Most people would ask why you can't just connect to 172.16.0.2:123.
 
Because of the way our bespoke application works.

There is a reciever at the remote site 172.16.0.2 with 5 adsl pipes at each site. The application has been written with the view of using each pipe in turn to send data thereby load balancing. The way the developer wrote it he assumed that the data would get sent to a router and then port forwarded which would be fine if we sent it over the net and used external IP's but we're not doing that at this stage, the application has a list of 5 IP addresses to send to but there is only 1 reciever at the remote site.

I can let the reciever have 5 IP's but I'd like to avoid that if I can

It's confusing I know
 
You should be able to do this - just use port forwarding? I can do it on a lowly Netgear, so would presume the Cisco can do it. We just set up a PIX firewall to do just this sort of thing - port forwarding RDP (Port 3389) onto a particular server...
 
You should be able to do this - just use port forwarding? I can do it on a lowly Netgear, so would presume the Cisco can do it. We just set up a PIX firewall to do just this sort of thing - port forwarding RDP (Port 3389) onto a particular server...

There is no port forwarding as there is no NATing. It's an IPSEC VPN, so the traffic is not translated. I'm trying hard to think how it can be done, but no having any luck yet (useless brain :()
 
Why not just policy route on router B, to forward all traffic from 192.168.0.0/24 on port 123, to 172.16.0.2?

Or on router B, traffic with a destination of 172.16.0.1 on port 123, gets policy routed to 172.16.0.2

This way, all traffic on port 123 from the remote subnet gets forwarded to your receiver..
 
Last edited:
Option A:

on Router B, make an access list..

access-list 101 permit tcp any host 172.16.0.1 eq 123

then a route-map to do the policy routing

route-map PBR permit 10
match ip address 101
set ip next-hop 172.16.0.2


Then apply this to the interface where the traffic is coming from, in your case it might be dialer1 or a serial interface:

interface serial 0
ip policy route-map PBR




If the VPN is encrypted with IPSEC, you may have issues with the PBR, as i'm not sure whether the route-map will examine the traffic as it hits the inbound interface, before or after its decrypted by the crypto map.
 
thanks for that V-Spec, the bit that confuses me is that the original packet will be sent to 172.16.0.1:123 by setting that next root hop will that change the packets destination ip address header to .2?
 
thanks for that V-Spec, the bit that confuses me is that the original packet will be sent to 172.16.0.1:123 by setting that next root hop will that change the packets destination ip address header to .2?

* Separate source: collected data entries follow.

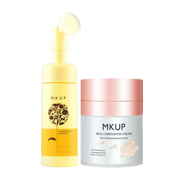 MKUP 美咖 賴床美白素顏霜30ML+金盞花輕卸深洗泡泡慕斯|MKUP美咖官方旗艦館金盞花慕斯+素顏霜30MLFacial CleanserMKUP美咖★官網旗艦館
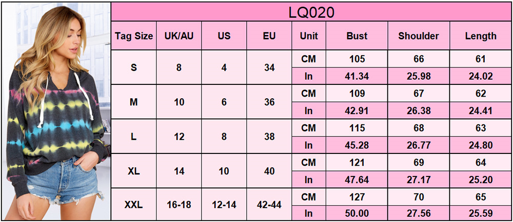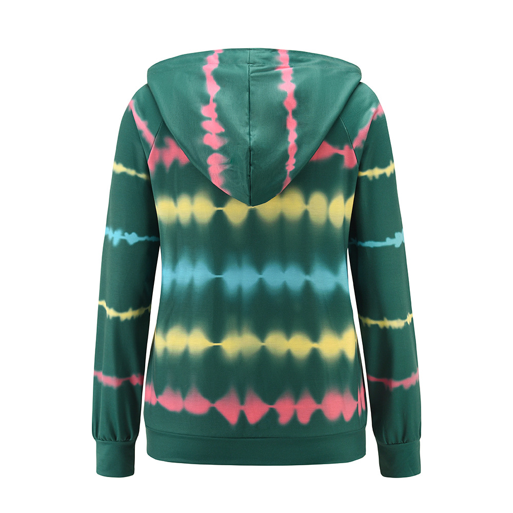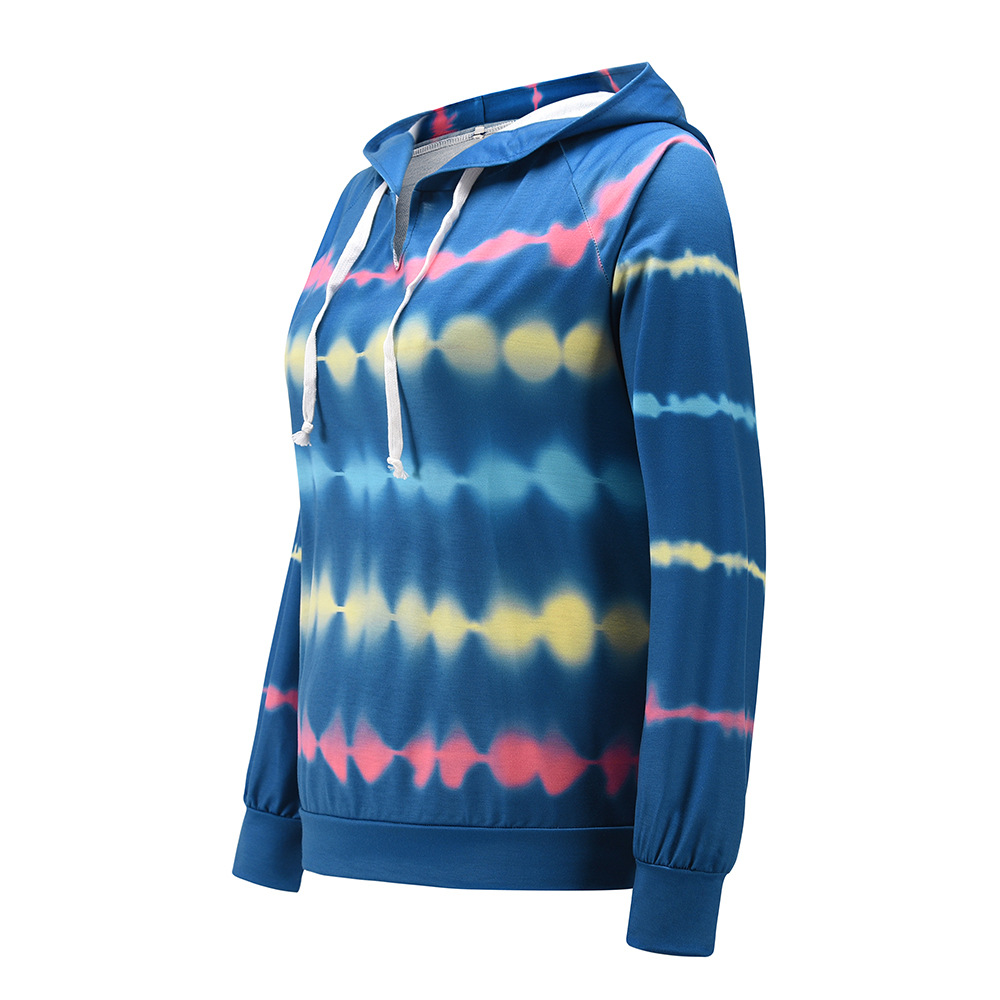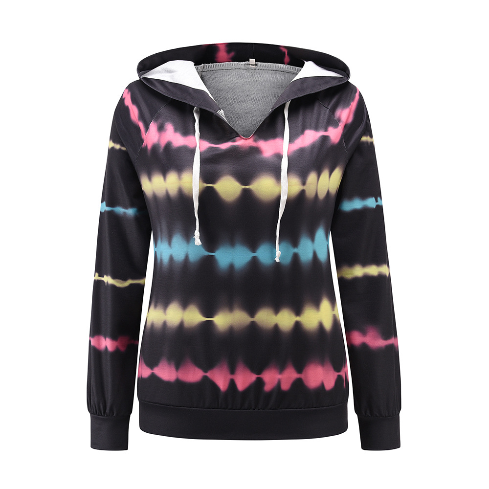 Autumn Casual Tops Heartbeat Print Hooded Sweater Tie-dye Loose Sweatshirt PQLQ020C
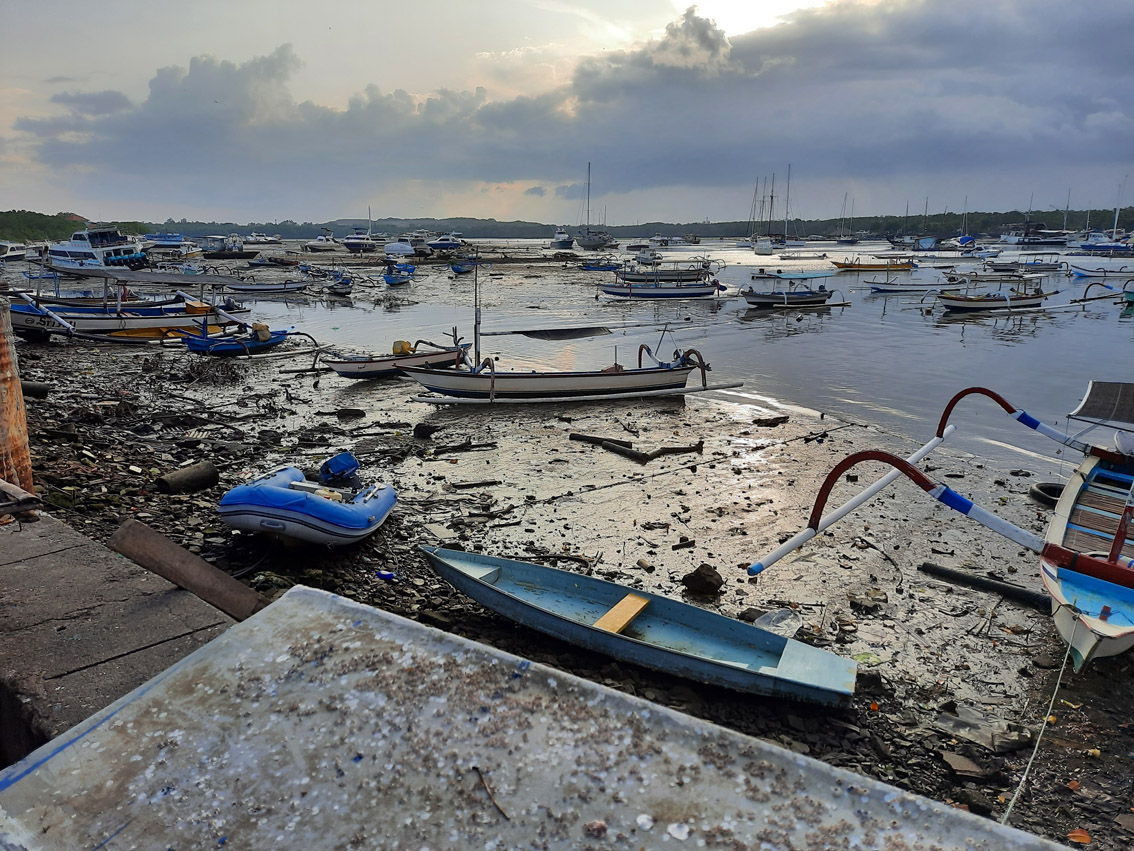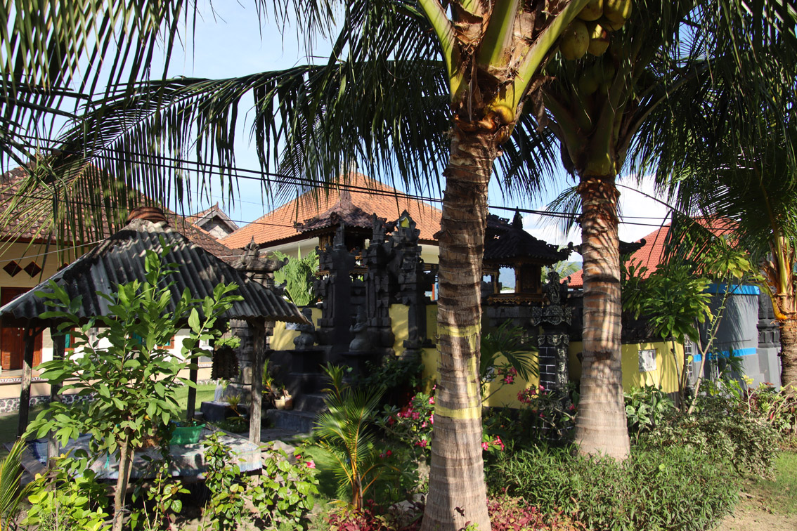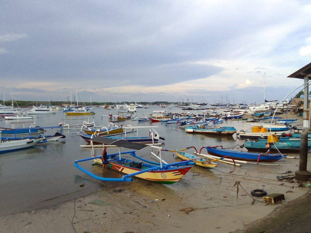 La passe d’entrée de la baie de Serangan est facile et bien balisée. La baie est complètement remplie de «live aboards» dont beaucoup sont manifestement en travaux. Après avoir tourné en rond pendant un moment nous trouvons finalement un corps mort libre que les bateaux voisins nous confiment qu’on peut utiliser. Le village de Serangan très active malgré le peu de touristes est plutôt une bonne surprise avec ses ruelles bordées de temples et le canal séparant la presqu’île de l’îlot voisin réserve de tortues.
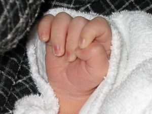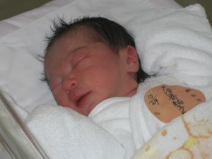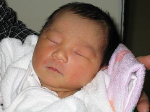 | ちっちゃな手。。。 | 生後1日、少し顔が丸くなってきました。 髪は思ったより多いですね。 |
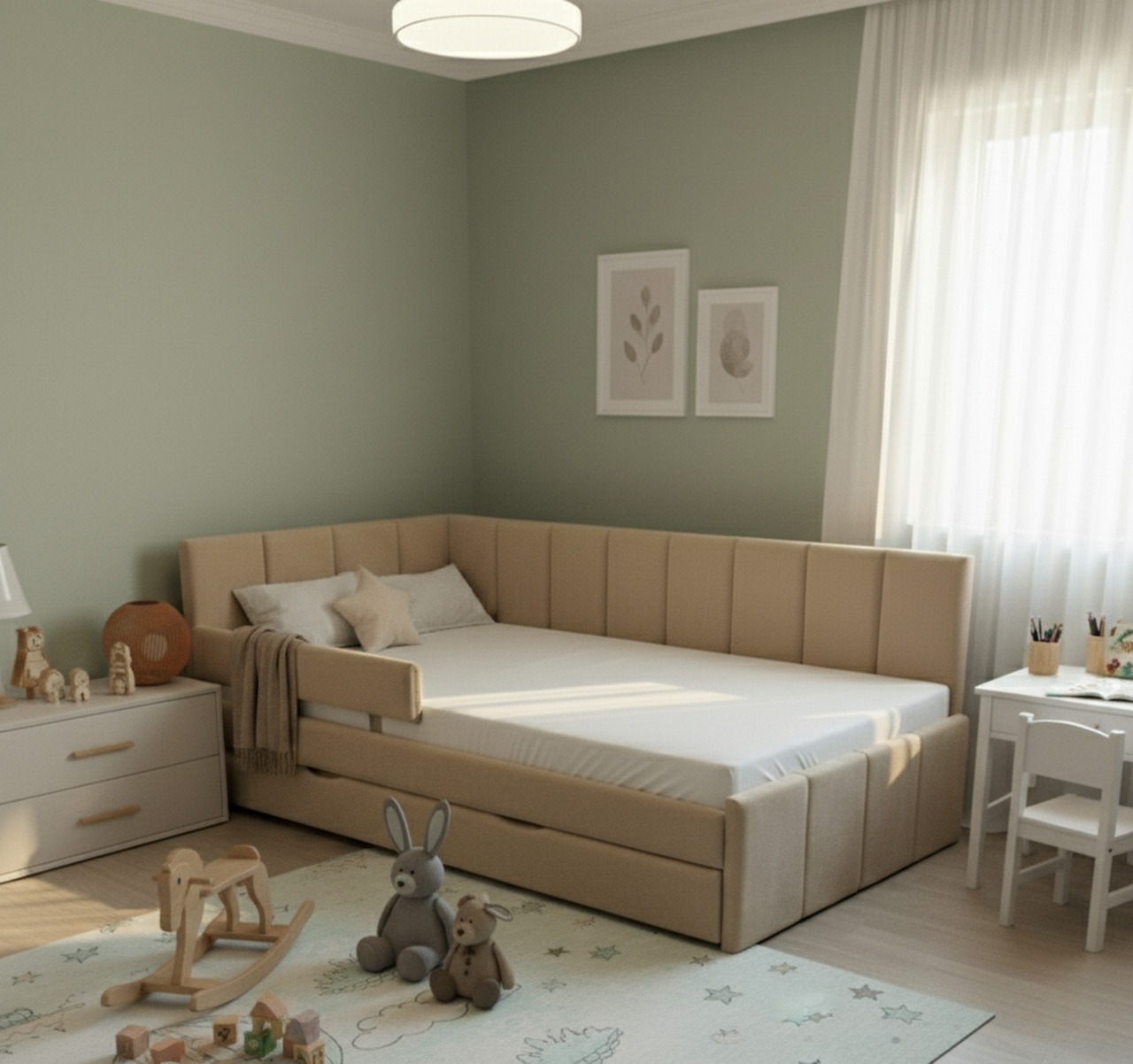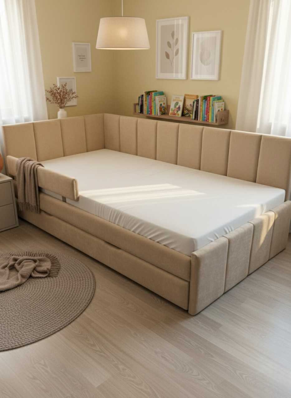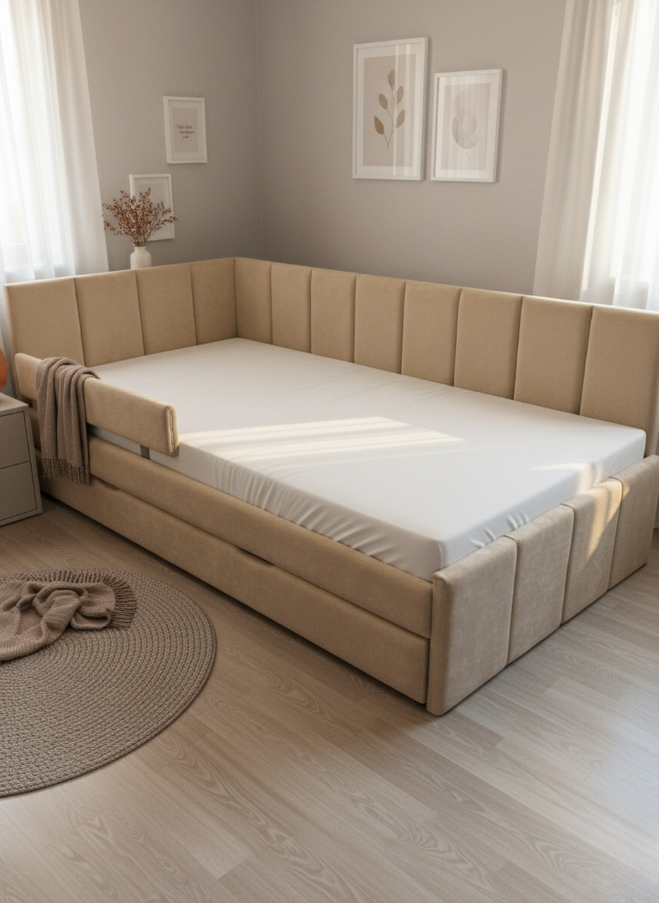 To tapicerowane łóżko młodzieżowe w kolorze ciepłego beżu zostało stworzone z myślą o rodzinach, które chcą połączyć estetykę, funkcjonalność i trwałość na lata.
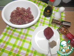 Говядину, свинину и грудинку пропустить через мясорубку, добавить 1 луковицу. Фарш хорошо вымешать.
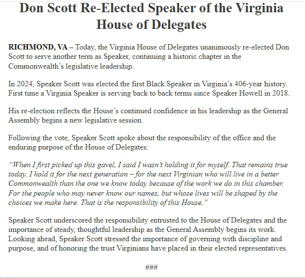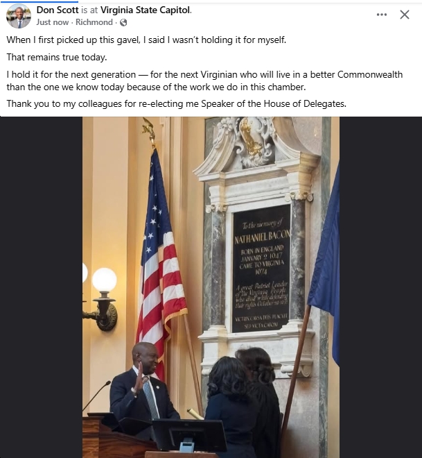 UPDATE 12:10 pm – Del. Kathy Tran now nominating Don Scott to be reelected as Speaker of the Virginia House of Delegates.
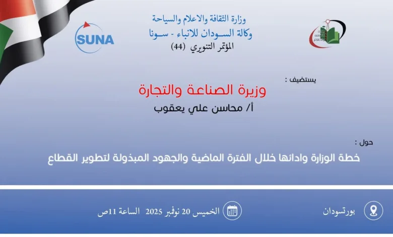 يستضيف المؤتمر التنويري رقم 44 لوزارة الثقافة والإعلام والسياحة الذي تنظمه وكالة السودان للأنباء في الحادية عشرة من صباح اليوم…
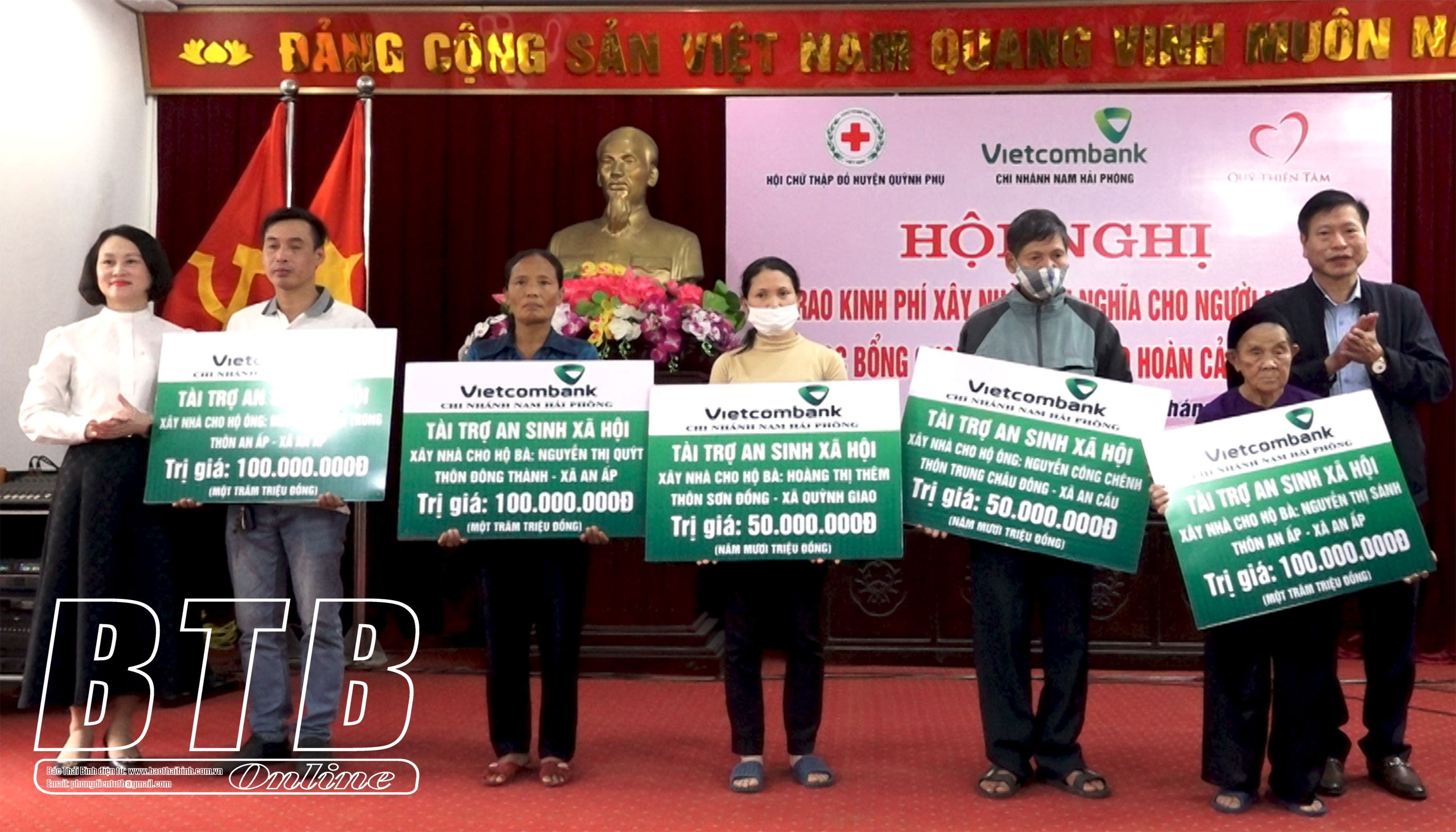 19 học sinh nghèo vượt khó, học giỏi trong năm học 2022-2023 được quỹ Thiện Tâm trao học bổng với kinh phí 2,1 triệu đồng/học sinh. 5 hộ gia đình thuộc diện hộ nghèo được Ngân hàng Thương mại cổ phần Ngoại thương Việt Nam và Ngân hàng Thương mại cổ phần Ngoại thương Việt Nam chi nhánh Nam Hải Phòng hỗ trợ tổng kinh phí 400 triệu đồng để xây mới và nâng cấp, sửa chữa nhà ở.

The router will simply force the packet to wherever 172.16.0.2, it won't alter any source or destination addresses, the router is simply interfering with normal routing/switching, and is sending it to the address specified in the route-map, which is your receiver..
We used to do something similar years ago for Wireless traffic, we used to PBR all wireless traffic to a different box <wan optimiser> on the same subnet, it worked fine.
 
The router will simply force the packet to wherever 172.16.0.2, it won't alter any source or destination addresses, the router is simply interfering with normal routing/switching, and is sending it to the address specified in the route-map, which is your receiver..
We used to do something similar years ago for Wireless traffic, we used to PBR all wireless traffic to a different box <wan optimiser> on the same subnet, it worked fine.

The only problem is, the packet will still have the same destiantion address. Even if the packet is "forced" to the server, the server will reject it as it does not have that destination IP address, in fact nothing does. The actual destination address in the packet needs to be changed.